Potwierdziła się oto zasada, że historia lubi się powtarzać. To wprawdzie nie jest powrót do zimnej wojny, ale w najlepszym wypadku początek zimnego pokoju.
Rosja wraca do polityki otwarcie imperialnej, opartej na założeniu, że siła zbrojna może zastąpić siłę argumentów. Europa nie była gotowa na takie starcie, bo uwierzyła w to, że bankowcy są potężniejsi od czołgistów.
Potrzebujemy dziś Ameryki jak nigdy wcześniej po 1989 roku. Potrzebujemy sojusznika, który prowadzi politykę zagraniczną opartą na wartościach nam bliskich.

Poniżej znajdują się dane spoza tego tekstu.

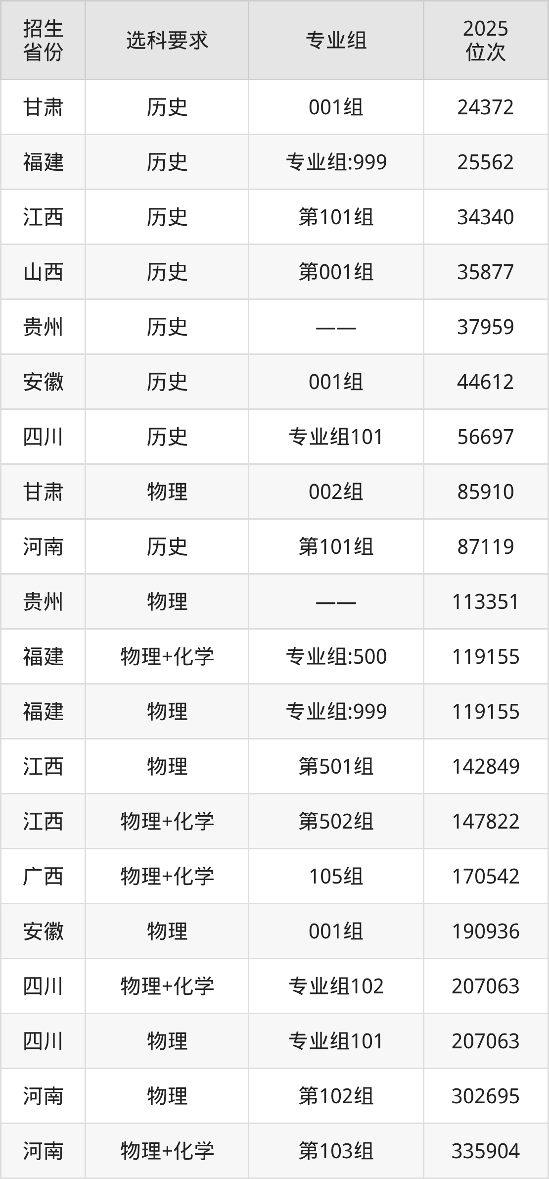福州工商學(xué)院2025年在全國各省的位次差異較大,最高位次是24372位(甘肅歷史類)、最低位次是335904位(河南物理類)。各省具體位次請看下圖:

Dzisiejsza Rosja znów kojarzy nam się z dyktaturą i zniewoleniem umysłu, Ameryka zaś ponownie stała się symbolem wolności.

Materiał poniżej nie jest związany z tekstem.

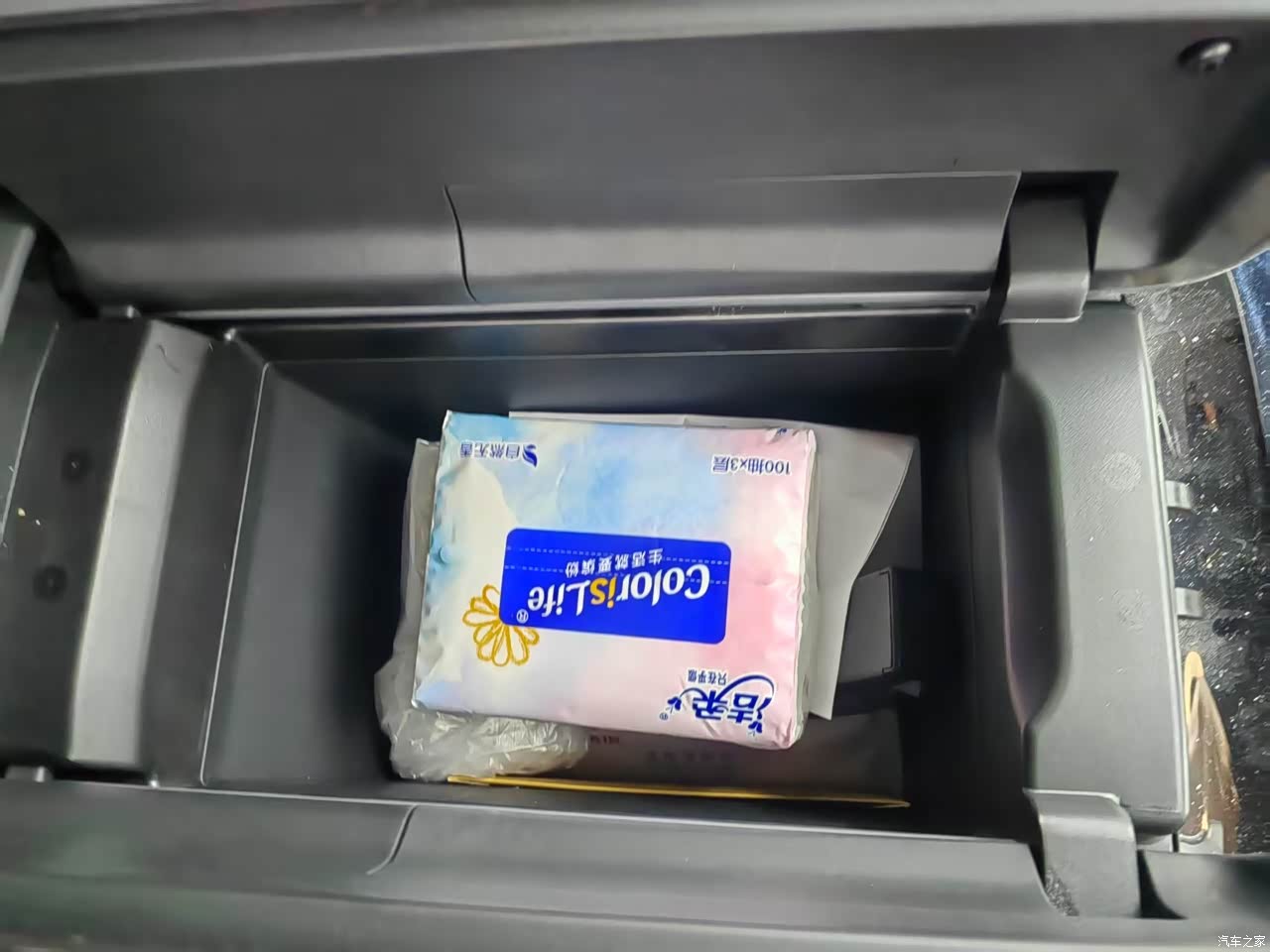 中央扶手下有很大空间可以放置物品,女孩子放一双高跟鞋都没有问题,手套箱空间也足够使用,中央扶手里面也是一个比较大的垂直存储空间,可以放置很多物品。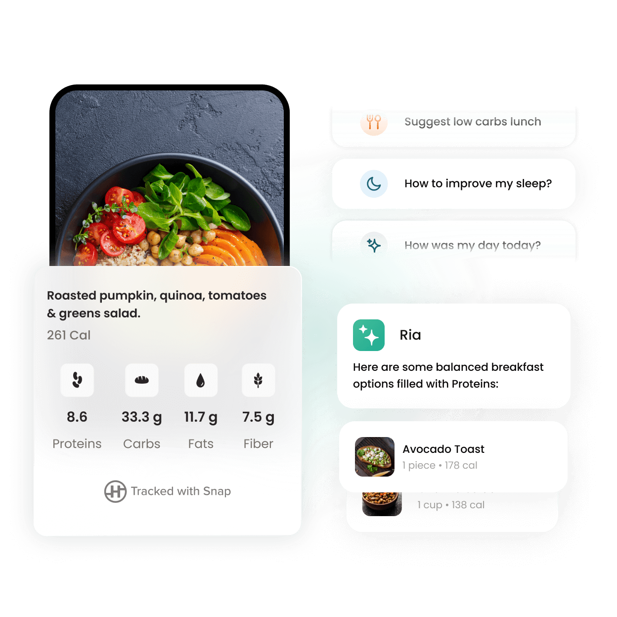 Improve your nutrition with HealthifySnap's advanced meal tracking & meet Ria, your personalized AI coach.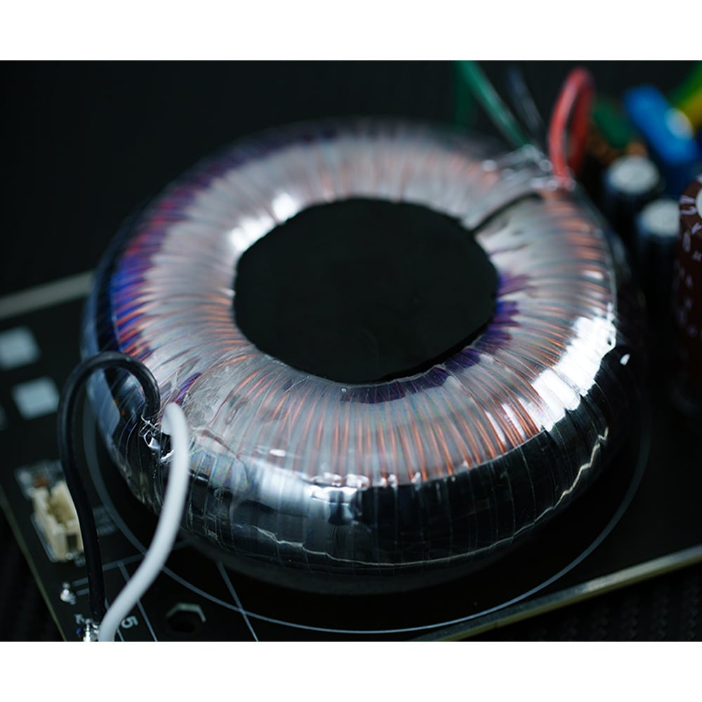 Toroïdale transformatoren hebben van nature vele voordelen, waardoor ze zeer efficiënt zijn. Dit komt doordat de spoelen in de transformator geen vaste hoek hebben waarin ze gebogen zijn, wat leidt tot een gelijkmatiger magnetisch veld en minder magnetische fluxlekkage. In de PL50 zit een op maat gemaakte 50VA ringkerntransformator van audiofiele kwaliteit, gemaakt van hoogwaardig Nippon Steel ijzer en zeer zuivere zuurstofvrije koperdraden voor een hoger rendement, een hogere precisie, een stabielere spanning en een hogere energie-output.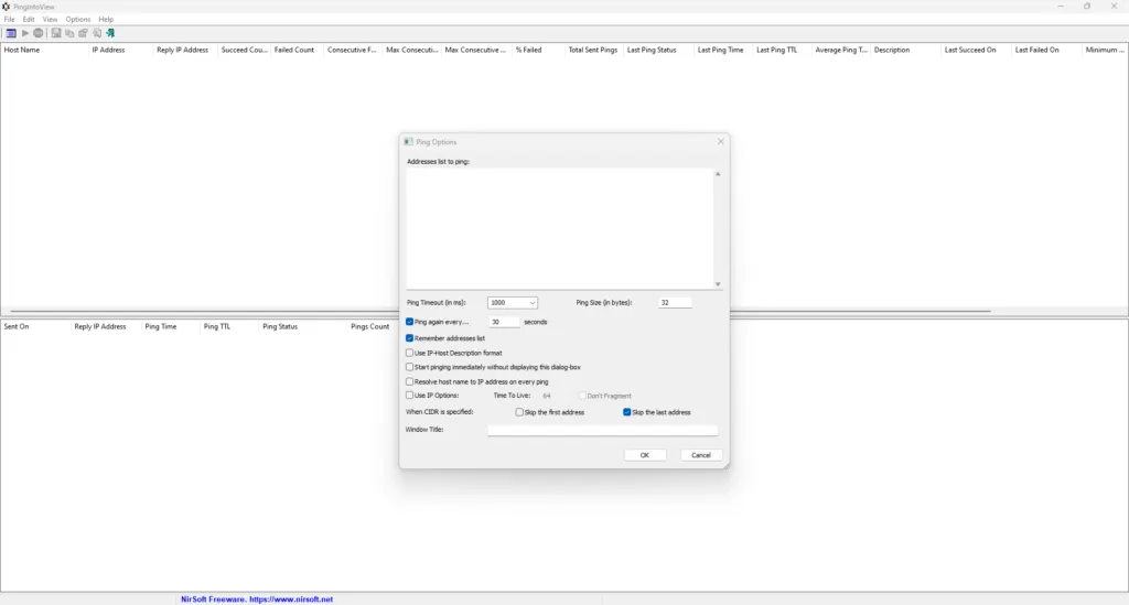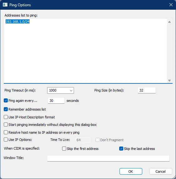 It offers quite a few ways to customize how your pings will work. You can ping entire subnets as well as individual machines. I generally will turn down the “Ping again every…” option to 1 second.

Po zakończeniu zimnej wojny Amerykanie odwrócili się od Europy. Skierowali spojrzenia na Azję, Amerykę Południową, Afrykę.

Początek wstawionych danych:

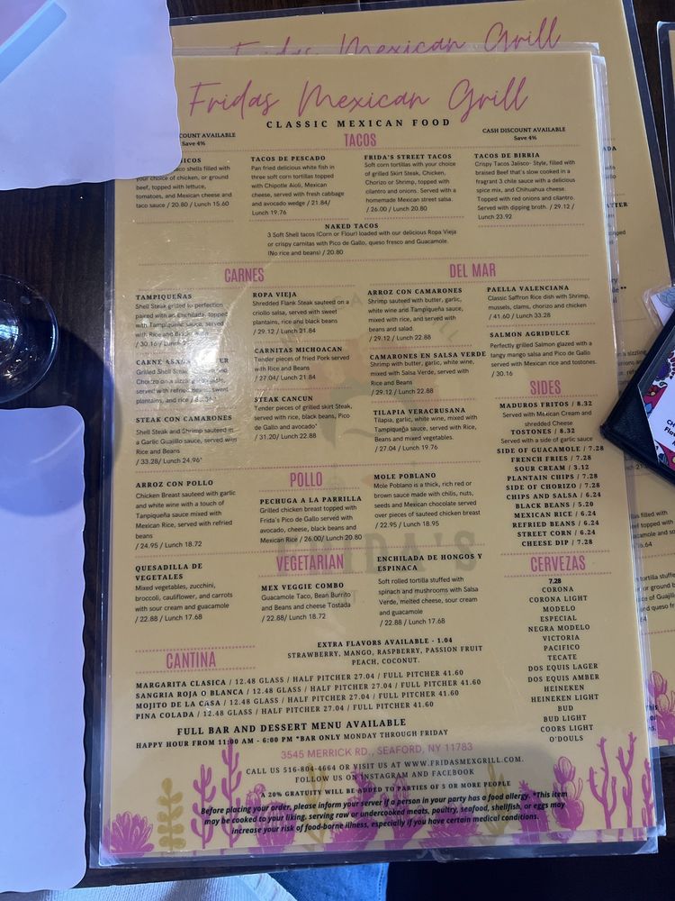 Frida's Mexican Grill is a Latin American restaurant located at 3545 Merrick Rd Seaford, NY 11783. The menu offers a variety of Tex-Mex and Mexican dishes, with options for vegans and limited vegetarian choices. Featuring a cozy atmosphere with attentive service, Frida's is known for its tableside guacamole, tortilla soup, and perfectly cooked steak. Customers have raved about the authentic Mexican flavors, excellent service, and delicious dishes such as the Aguacate Relleno, Ceviche de Pescado, and Chimichangas. With options for outdoor seating, private dining, and catering services, Frida's is a must-visit for those looking for a memorable dining experience. Whether you're in the mood for fajitas, burritos, or empanadas, Frida's Mexican Grill has something for everyone to enjoy.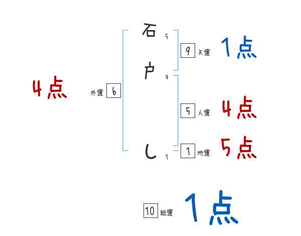 天運![]() | 石戸しさんの天運は9画の1つ星!消極的で才能を発揮することが苦手なことも。周りの意見に耳を傾けましょう。 家系が持つ宿命的な運勢を表します。祖先から受け継いだ苗字ですので自分の力が及びません。家柄を象徴します。 |
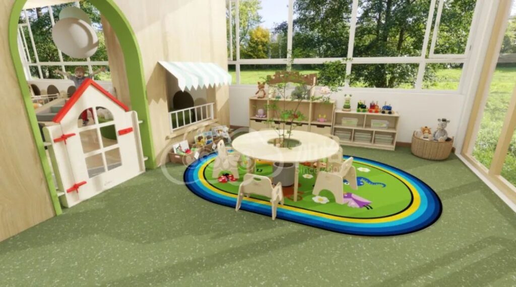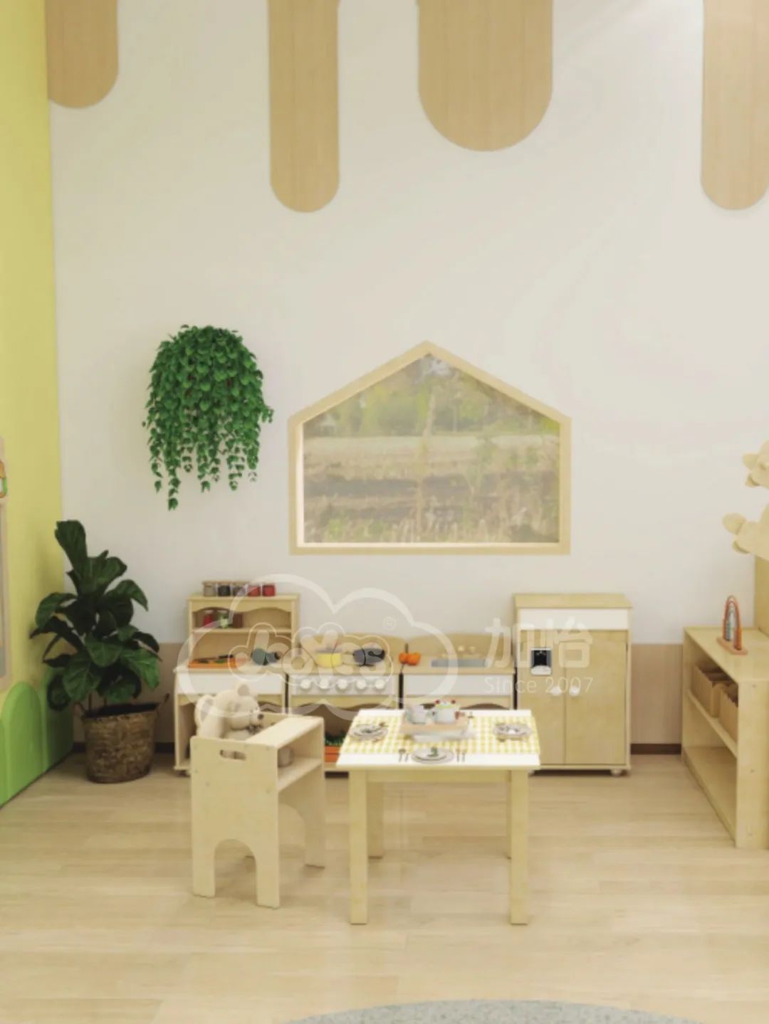 利用教室中一片木制小屋造型的空置区域,JOOYES加怡为0-3岁宝宝提供多样化高质量托育家具,打造适配托育教室的学步区、运动区等活动区角,为宝宝创设安心舒适美观的一日活动环境。

Teraz znów potrzebni są sowietolodzy, wyszukuje się ich gdzieś na emeryturach i w zakurzonych korytarzach prowincjonalnych uniwersytetów. Europa stoi w obliczu zagrożenia ze Wschodu. Władimir Putin dokonał niemożliwego – obudził z letargu ludzi, którzy już dawno położyli kreskę na sojuszu transatlantyckim.